* RECORDS SUPPLIED:
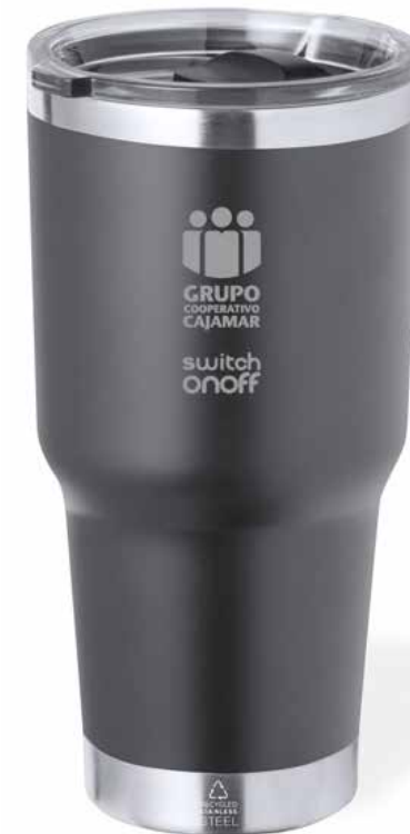
DETALLE PARA LOS INTERVINIENTES
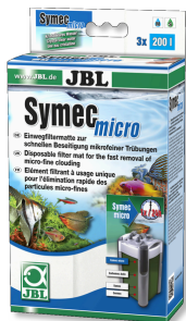
JBL Symec micro Microfibre pour filtre d'aquarium contre l'eau turbide
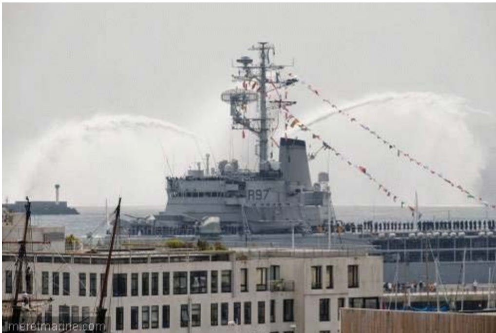
La Jeanne à Brest
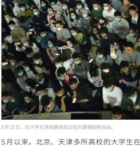
5月15日，北大学生深夜集体抗议校方建墙控制自由。
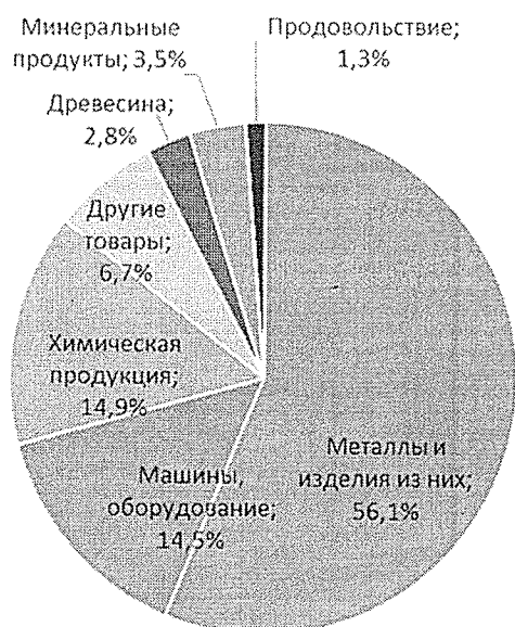
Рис. 3 Структура экспорта
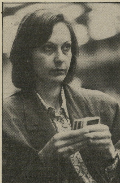
שחקנית חכמי גם ראש עיריית באר-שבע

באנגליה, למשל, יוצאת נבחרת מעורבת של בית-הלורדים ובית-הנבחרים מאז 1984 לאמריקה, לשחק מול נבחרת-הקונגרס. שחקני הכרידג' יודעים לספר כי באמריקה רצחה אשה את בעלה מפני שלא הכריז נכון ליד השולחן. הם מספרים שהיא קיבלה חנינה, כי השופט היה שחקן-כרידג'.
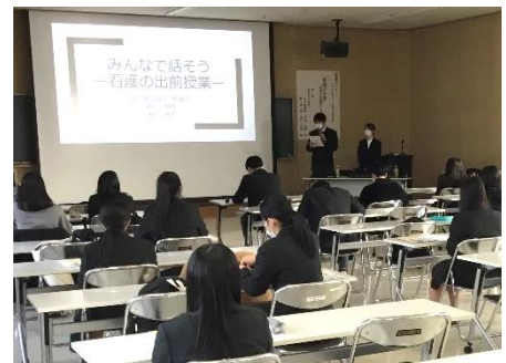
写真はいずれも 地域の看護職による講義の様子
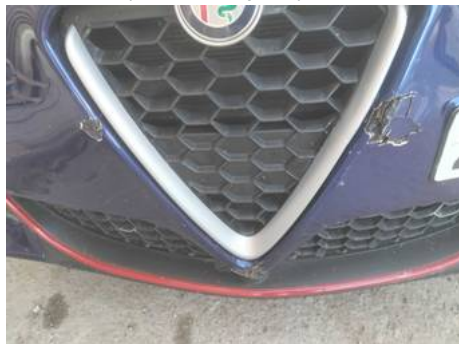
Calandre (Défaut aspect)
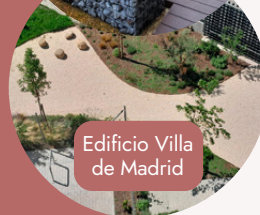
Edificio Villa de Madrid
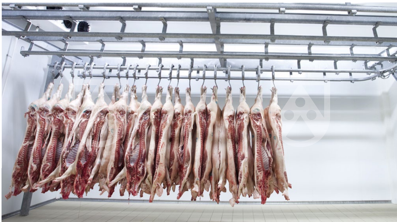
TroBloc® F Hygiene-Wandschutzplatten ermöglichen mit ihrem Easy-To-Clean-Effekt eine schnelle Reinigung großer Oberflächen.
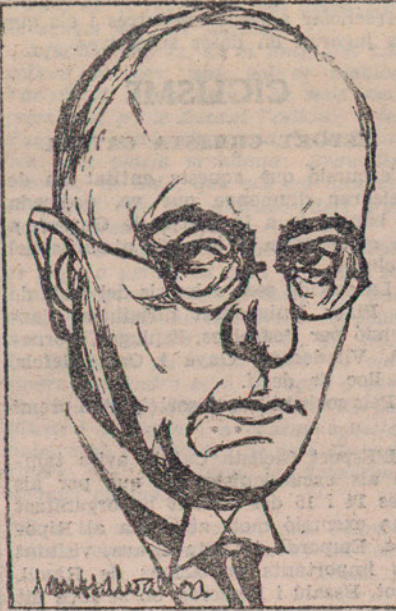
L'ex-canceller BRUNING, qui, en les darreres eleccions d'Alemanya ha obtingut un gran triomf i ha estat elegit a cinc llocs diversos

Acaba el document afirmant que els Sindicats no retrocediran ni claudicaran en la lluita ni en els seus principis, encara que hagin de raure en la clandestinitat.
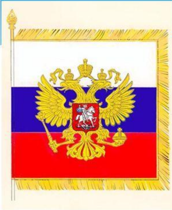
Штандарт Президента РФ
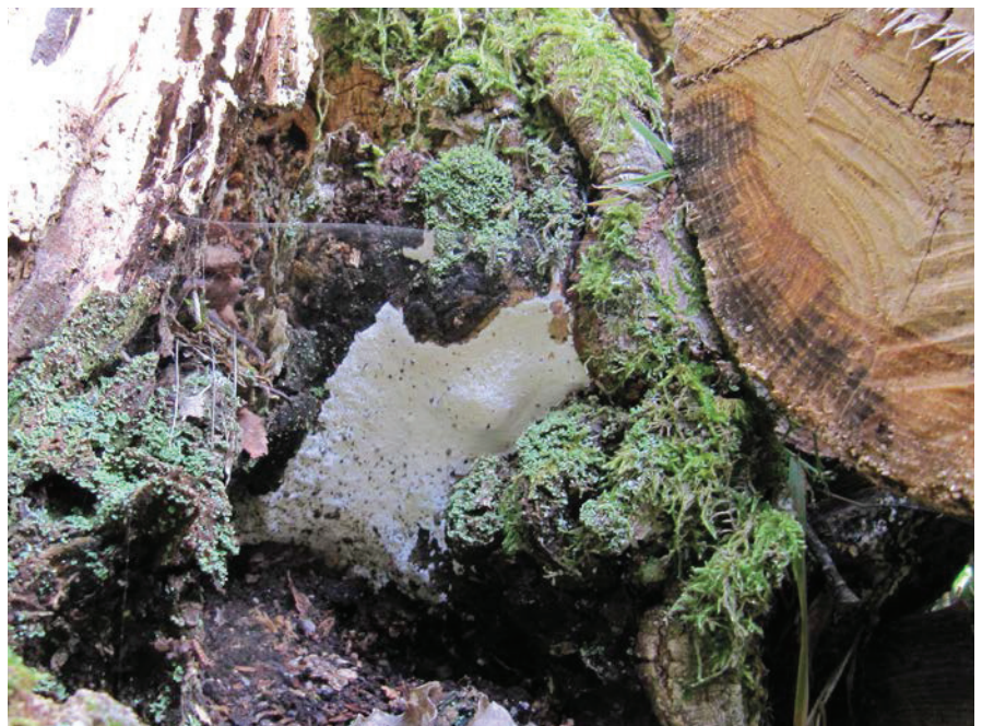
Den rödlistade och sällsynta brödmärgstickan på döende ek. Stocken till höger har lagts upp för svampens spridning.
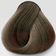
7 Rubio Blonde
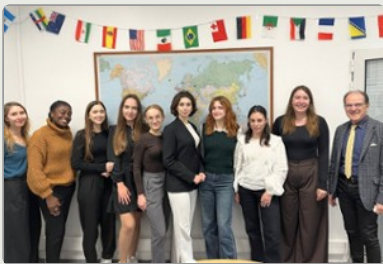
Erasmus+ : renforcer les liens avec l'Ukrainian Catholic University
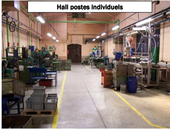
Hall postes individuels
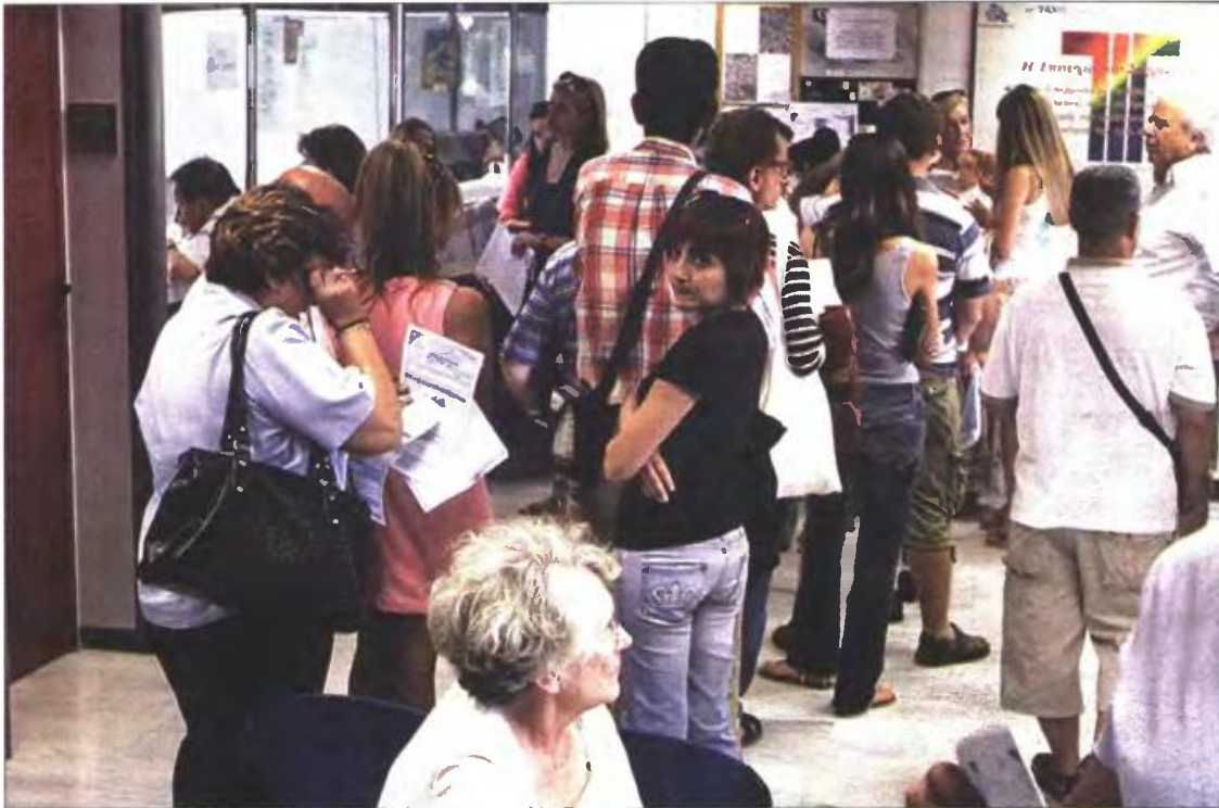
Ουρές φορολογουμένων σε ΔΟΥ
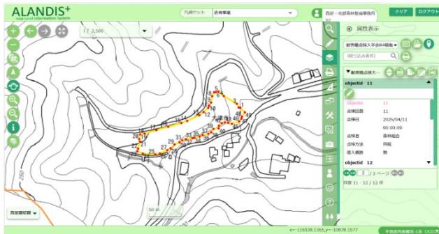
森林クラウドによる情報共有

点検履歴については、令和7年度から滋賀県で導入された森林クラウド上で県、市、森林組合で獣害柵の点検状況の共有を行う取り組みを始めている。市や県の担当者が代わってもクラウド上に点検履歴が残っていることで引き継ぎがスムーズに行われることが期待される。
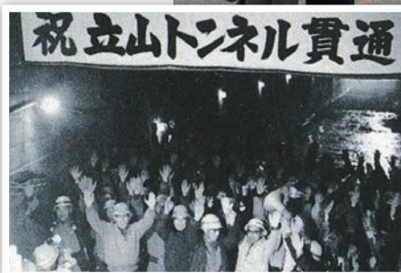
▲2026/05/19，現時點雪之大谷的雪牆仍高達11公尺。
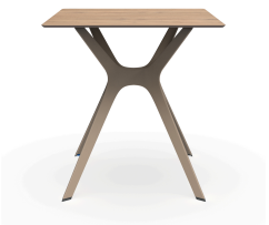
Table 70x70 Phénolique Chêne Naturel Pied De Table Vela &quot;s&quot; Sable 04062
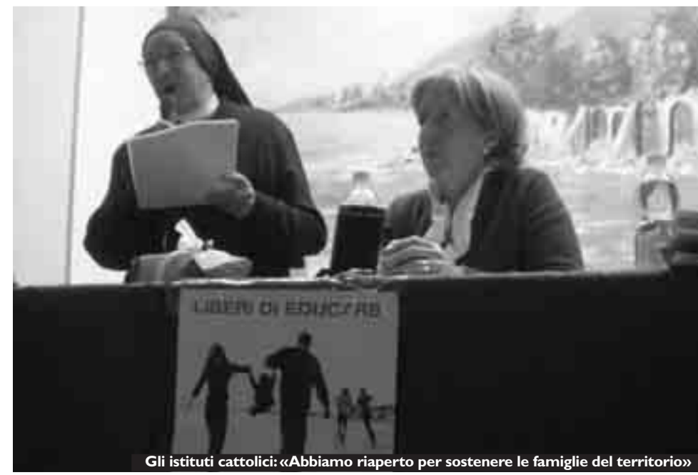
Gli istituti cattolici: «Abbiamo riaperto per sostenere le famiglie del territorio»
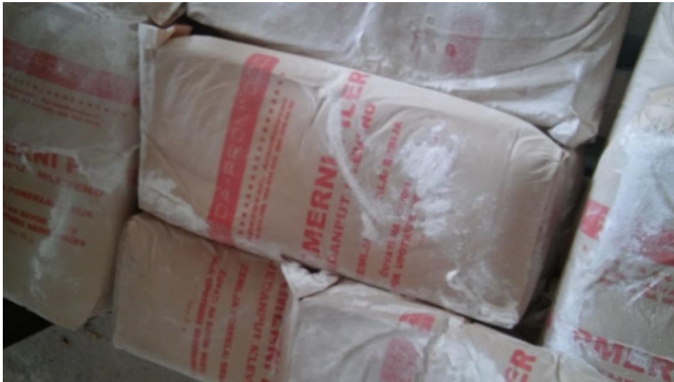
Slika 11. Dodaci stočnoj hrani

* TASK OBJECTIVE:
Word for word, return the material above; the pictures stay out.

* WRITTEN SOLUTION:
DETALLE PARA LOS INTERVINIENTES
JBL Symec micro Microfibre pour filtre d'aquarium contre l'eau turbide
La Jeanne à Brest
5月15日，北大学生深夜集体抗议校方建墙控制自由。
Рис. 3 Структура экспорта
שחקנית חכמי גם ראש עיריית באר-שבע

באנגליה, למשל, יוצאת נבחרת מעורבת של בית-הלורדים ובית-הנבחרים מאז 1984 לאמריקה, לשחק מול נבחרת-הקונגרס. שחקני הכרידג' יודעים לספר כי באמריקה רצחה אשה את בעלה מפני שלא הכריז נכון ליד השולחן. הם מספרים שהיא קיבלה חנינה, כי השופט היה שחקן-כרידג'.
写真はいずれも 地域の看護職による講義の様子
Calandre (Défaut aspect)
Edificio Villa de Madrid
TroBloc® F Hygiene-Wandschutzplatten ermöglichen mit ihrem Easy-To-Clean-Effekt eine schnelle Reinigung großer Oberflächen.
L'ex-canceller BRUNING, qui, en les darreres eleccions d'Alemanya ha obtingut un gran triomf i ha estat elegit a cinc llocs diversos

Acaba el document afirmant que els Sindicats no retrocediran ni claudicaran en la lluita ni en els seus principis, encara que hagin de raure en la clandestinitat.
Штандарт Президента РФ
Den rödlistade och sällsynta brödmärgstickan på döende ek. Stocken till höger har lagts upp för svampens spridning.
7 Rubio Blonde
Erasmus+ : renforcer les liens avec l'Ukrainian Catholic University
Hall postes individuels
Ουρές φορολογουμένων σε ΔΟΥ
森林クラウドによる情報共有

点検履歴については、令和7年度から滋賀県で導入された森林クラウド上で県、市、森林組合で獣害柵の点検状況の共有を行う取り組みを始めている。市や県の担当者が代わってもクラウド上に点検履歴が残っていることで引き継ぎがスムーズに行われることが期待される。
▲2026/05/19，現時點雪之大谷的雪牆仍高達11公尺。
Table 70x70 Phénolique Chêne Naturel Pied De Table Vela &quot;s&quot; Sable 04062
Gli istituti cattolici: «Abbiamo riaperto per sostenere le famiglie del territorio»
Slika 11. Dodaci stočnoj hrani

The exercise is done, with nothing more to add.